Illyana returns to Russia, where she lives with her parents for some months until they are murdered by the Russian government to secure Illyana's abilities to defeat a psionic being known as the Soul Skinner. Illyana then returns to the X-Mansion to live with her brother and the other X-Men. Not long afterwards, Illyana contracts the Legacy Virus, and dies in the X-Mansion, despite all efforts to save her made by Charles Xavier and Moira MacTaggert. Colossus sacrifices himself to disperse the cure for the Legacy Virus.

Belasco eventually deposes Amanda Sefton and, after seeing Illyana reappear during "House of M" and realizing he carries a torch for her, creates a powerful spell to return her to him. The spell pulls forth the remaining essence of Illyana still held within Limbo's dimension, taking shape as Darkchilde, the semi-demonic version of Illyana corrupted and transformed by dark magic. Belasco is not satisfied with his creation, claiming that it is not the true Illyana due to lacking a soul, and banishes her to the outer parts of Limbo.

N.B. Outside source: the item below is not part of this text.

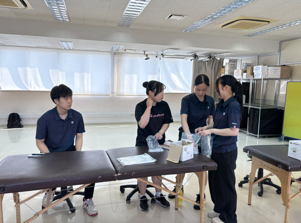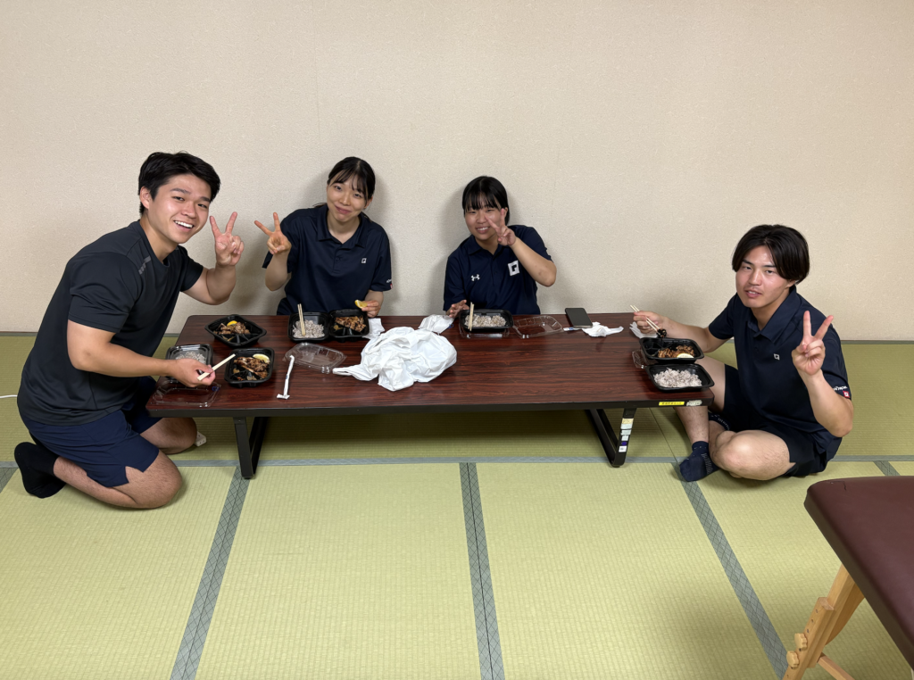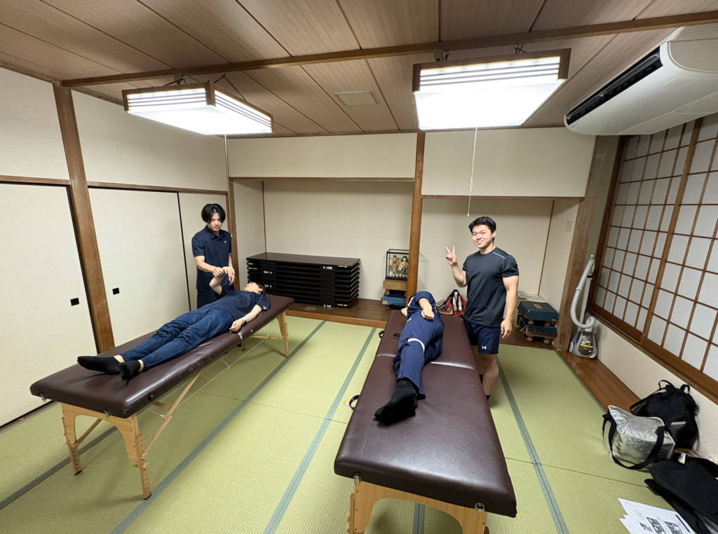選手の話を聞き、どのようなタイミングで痛みが出るのか、どの関節の動きが悪いか、弱くなっている筋力は何なのか。初めて選手に触る学生もいましたが、選手の力になろうと学生も必死で取り組んでいました!

Illyana, now with her Darkchilde persona, discovers some of the teenage New X-Men being attacked by a horde of demons. After aiding the mutants against the demons, she uses a spell to immobilize them and steal a portion of Pixie's soul, in the hopes of creating both a bloodstone and a new Soulsword, as Illyana felt Pixie had the most innocent of souls present. Anole breaks free from Illyana's confinement and dispatches her. Pixie's soul extraction is partially successful, creating one part of a bloodstone pendant and a soul dagger. Illyana attempts to complete the process and destroy those who wished to interfere, but Rockslide thwarts her, and causes Illyana's human memories of her friends and life among the X-Men to return to her.

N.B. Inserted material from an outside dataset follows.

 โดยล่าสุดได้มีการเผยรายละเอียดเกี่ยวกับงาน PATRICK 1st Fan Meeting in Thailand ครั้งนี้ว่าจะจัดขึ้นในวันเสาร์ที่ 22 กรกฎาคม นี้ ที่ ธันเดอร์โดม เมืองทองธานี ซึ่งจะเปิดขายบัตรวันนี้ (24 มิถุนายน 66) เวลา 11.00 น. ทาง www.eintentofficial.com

Illyana succumbs to her Darkchilde persona and announces her desire to create several more bloodstones to become god-like in power. She is interrupted by the arrival of Colossus, investigating Illyana's apparent return to life. A pained Illyana rejects her brother's offers of help, and sends everyone back to Earth, before reclaiming Limbo's throne and informing S'ym and N'astirh, now once more her servants, that her next move is to reclaim her soul. Motivated by her friendship with Shadowcat and love for Colossus, Illyana tries to reclaim her soul through love and teleports to the Xavier Institute, only to find it destroyed and abandoned.

Cover art for X-Infernus #1. Magik as Darkchilde. Art by David Finch.

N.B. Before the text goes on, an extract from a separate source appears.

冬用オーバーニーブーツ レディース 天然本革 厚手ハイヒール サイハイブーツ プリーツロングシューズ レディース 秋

While in Limbo, Illyana attacks various demons in her search for the Bloodstone amulet. Belasco's daughter, Witchfire appears during the meeting and reveals she is the current owner of Illyana's Bloodstone amulet and vows to take her father's place as ruler of Limbo. Back at the X-Men's base in San Francisco, Pixie accidentally discovers Magik's Soulsword is hidden inside Nightcrawler. Sensing its presence, Illyana teleports in and reclaims her sword, transforming from the Darkchilde into her Magik persona. She strikes Colossus when he enters the Danger Room and calls out to her, realizing that something is wrong when she does not feel any emotions, and returns to Limbo. Witchfire has conquered Limbo and Magik's armies during her absence. Claiming everything that Belasco ever owned, Witchfire captures Magik, takes her bloodstone and adds it to the amulet.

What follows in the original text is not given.